* _RECORD EXTRACTS_
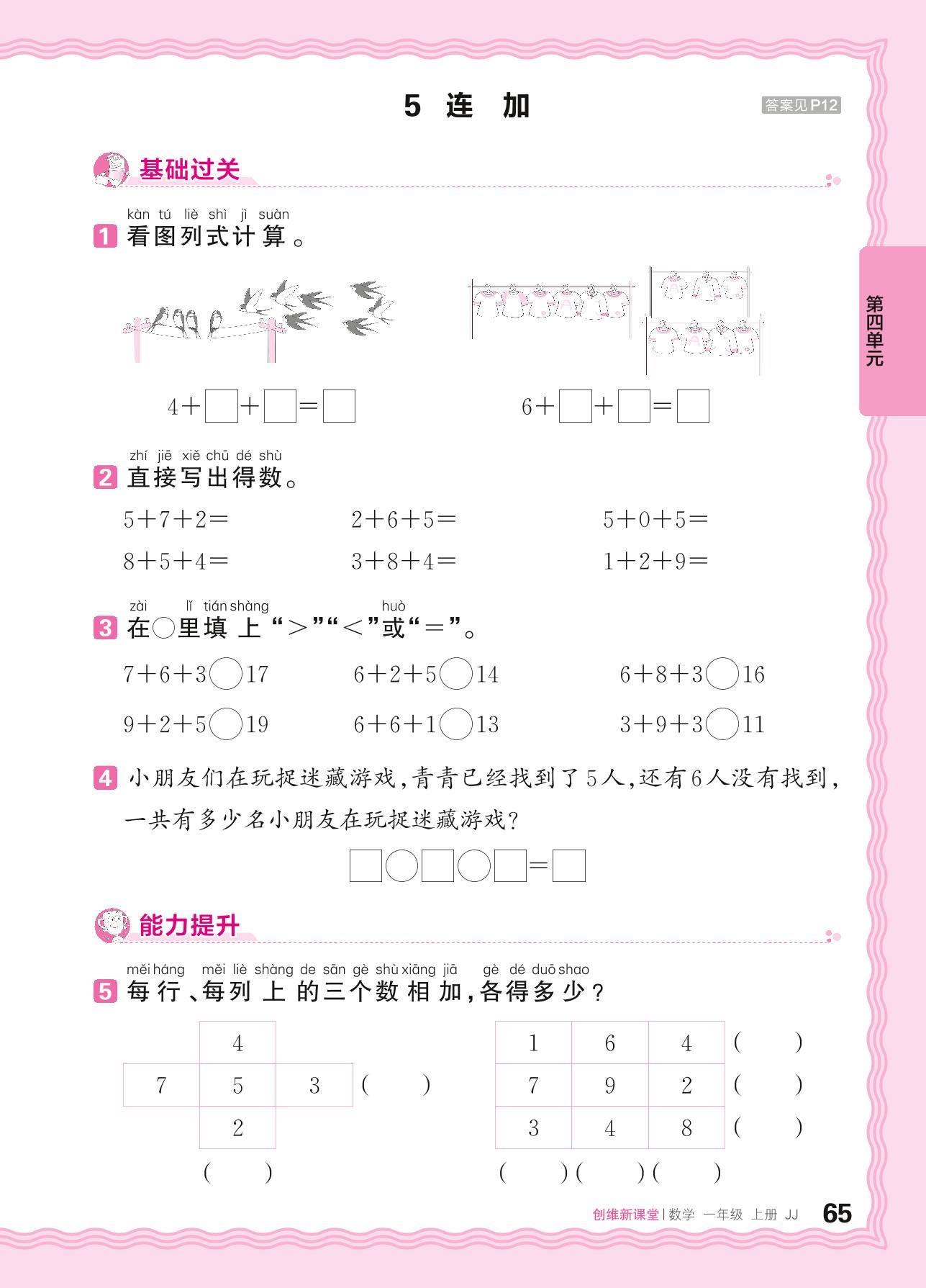 2024秋上册一年级数学冀教版 第四单元 20以内的加法——5. 连加
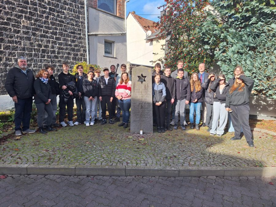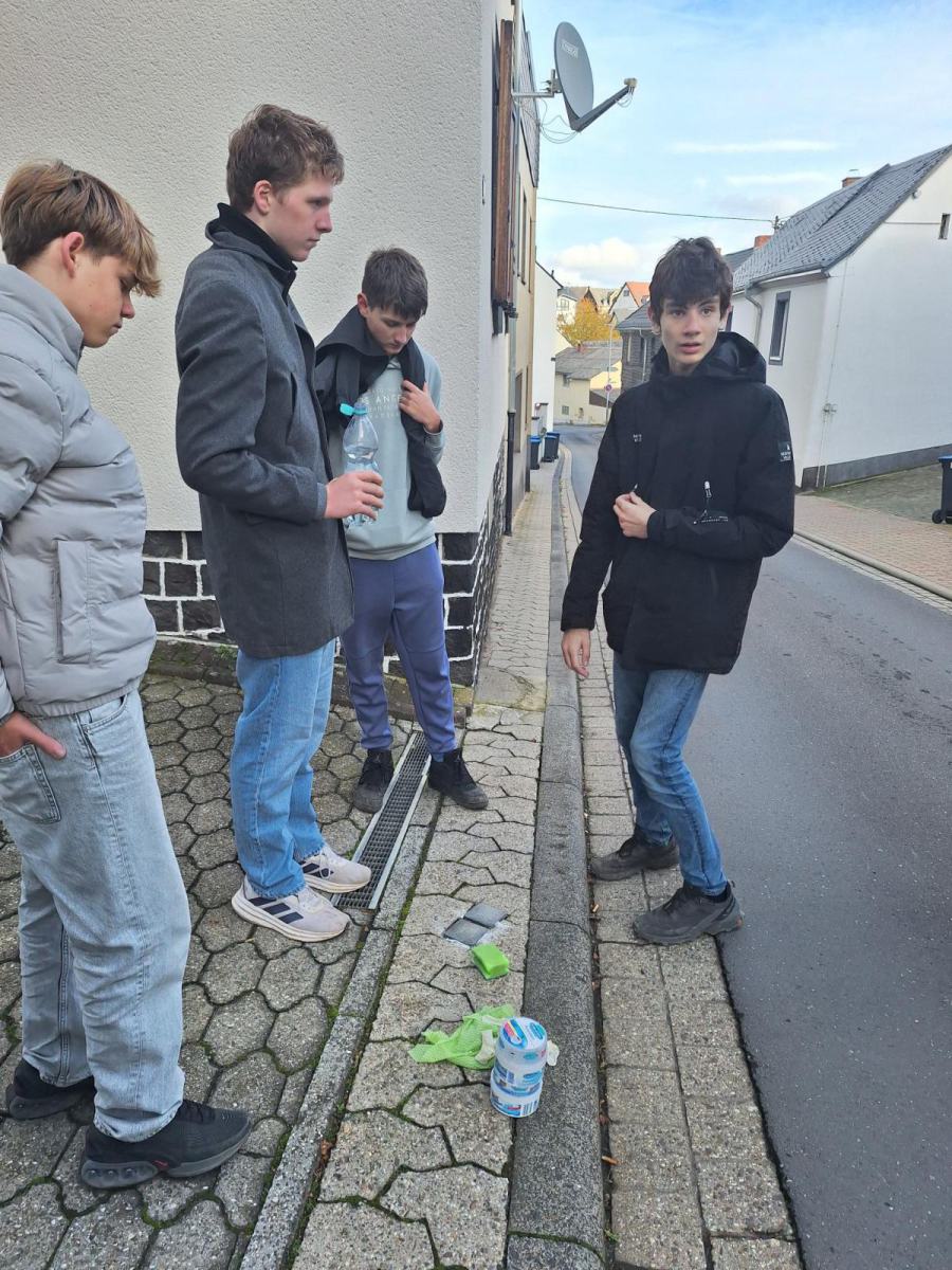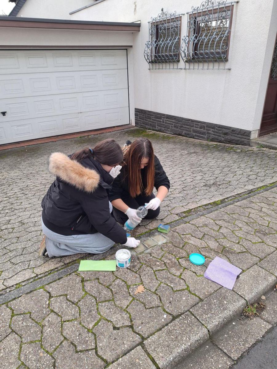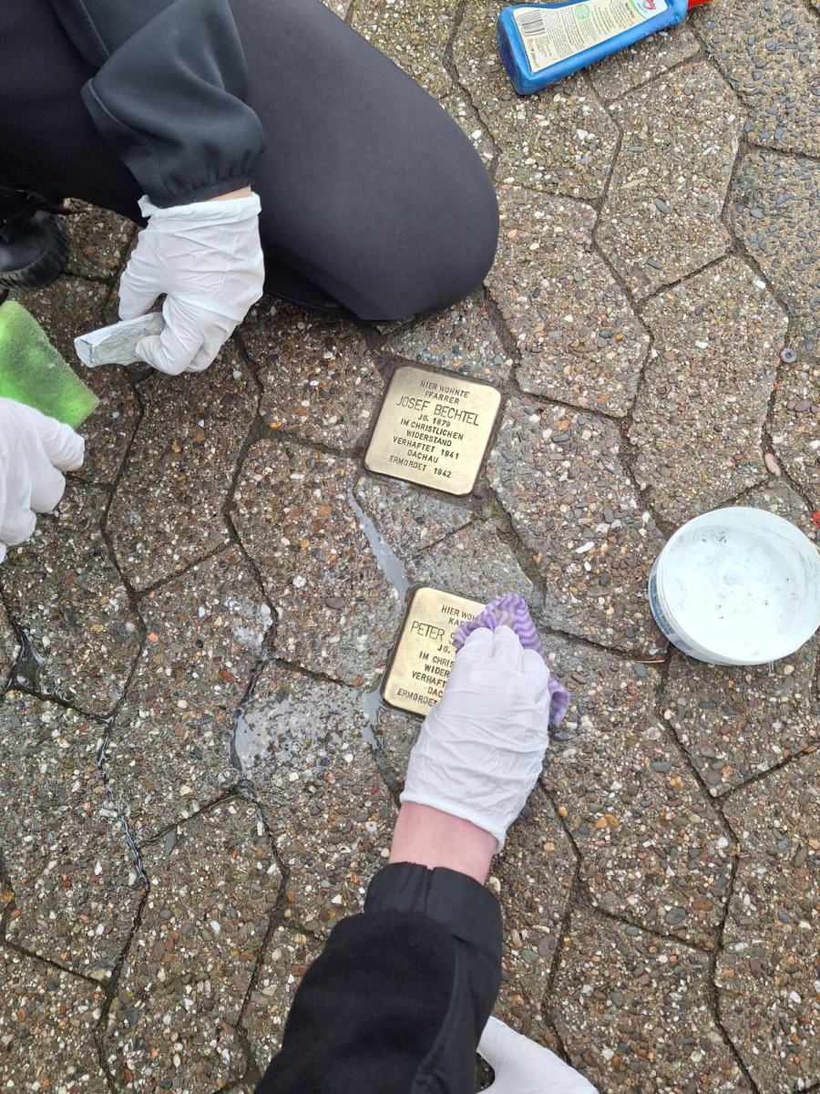 Dieses Jahr beteiligten sich 19 Schülerinnen und Schüler freiwillig an der Aktion, sie schrubbten eifrig zwei Stunden lang, bis das Messing der Steine wieder glänzte. Lara Hallfell und Jimmy Müller machten sich zusätzlich am Samstag, 08.11.25 vormittags auf den Weg und verteilten weiße Rosen auf die polierten Steine, damit sich in Mendig pünktlich zum 09.11. würdig an diese Menschen erinnert werden kann.
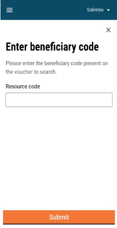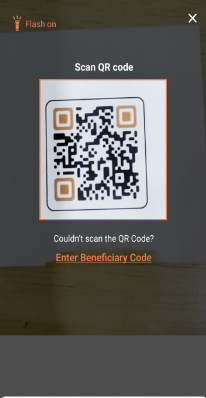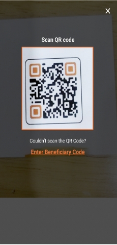 Clicking on the scan button on the search household screen opens a scanner that allows a user to scan the voucher code provided to the beneficiary during registration. The user can also enter the code manually by clicking on the “Enter Beneficiary Code” button, if the device is unable to scan.
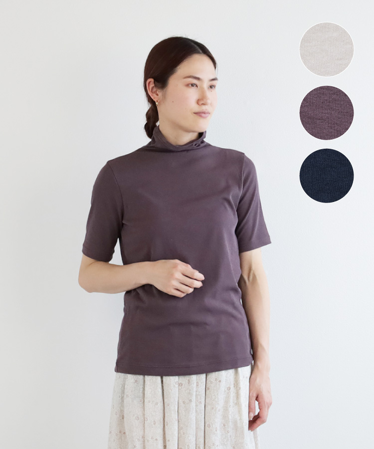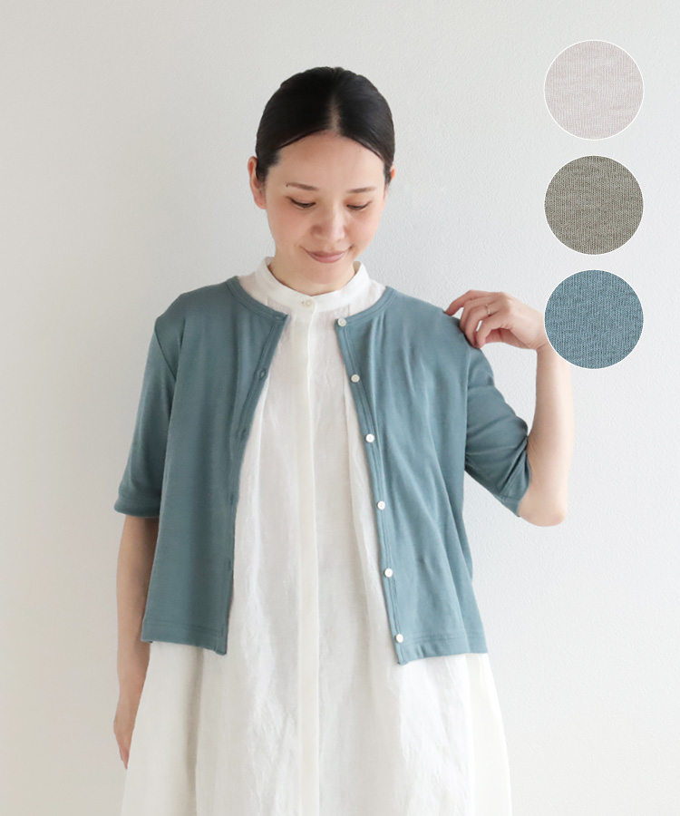 【nofl】リトアニアリネン後ろあきショート丈五分袖ワンピース
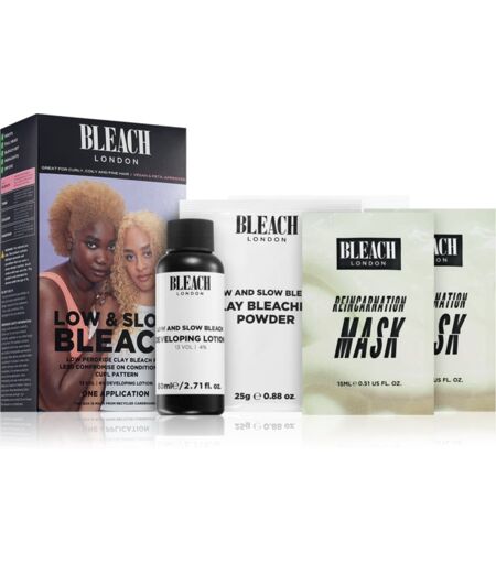 Bleach London Low And Slow, 1 pc, Hair Bleach for Women, Lightening your hair often requires a visit to a hair salon, but you no longer have to go anywhere. This product from Bleach LondonLow And Slow guarantees a professional result. It effectively removes dark pigment from your hair, so you can get the shade of your dreams quickly and easily. The set contains: Lightening Powder 2x25 g colour developer 80 ml Nourishing Mask for dry and damaged hair 2x15 ml Mitt 1 pc Characteristics: ensures even lightening washes out easily How to use: You must test for any negative reactions to the bleaching product before applying. Test on a small patch of skin and hair. Follow the instructions included. ...
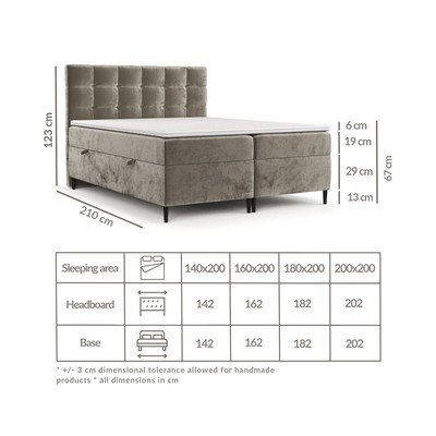 Acest pat cu arcuri boxspring combină o saltea de înaltă calitate din arcuri Bonell și spumă poliuretanică și un topper cu două fețe din spumă poliuretanică elastică. Topper-ul nu numai că aduce un confort sporit în timpul somnului, dar protejează în mod fiabil salteaua de deteriorare și murdărie. Husa sa detașabilă cu extract de alge poate fi îndepărtată în orice moment și spălată la o temperatură de până la 40 ⁰C.

* _PROBLEM REQUIREMENTS_
Any pictures are to be skipped, and the lines from the beginning of the entries through the line with "Dieses Jahr beteiligten" copied exactly.

* _EXERCISE RESPONSE_
 2024秋上册一年级数学冀教版 第四单元 20以内的加法——5. 连加
 Dieses Jahr beteiligten sich 19 Schülerinnen und Schüler freiwillig an der Aktion, sie schrubbten eifrig zwei Stunden lang, bis das Messing der Steine wieder glänzte. Lara Hallfell und Jimmy Müller machten sich zusätzlich am Samstag, 08.11.25 vormittags auf den Weg und verteilten weiße Rosen auf die polierten Steine, damit sich in Mendig pünktlich zum 09.11. würdig an diese Menschen erinnert werden kann.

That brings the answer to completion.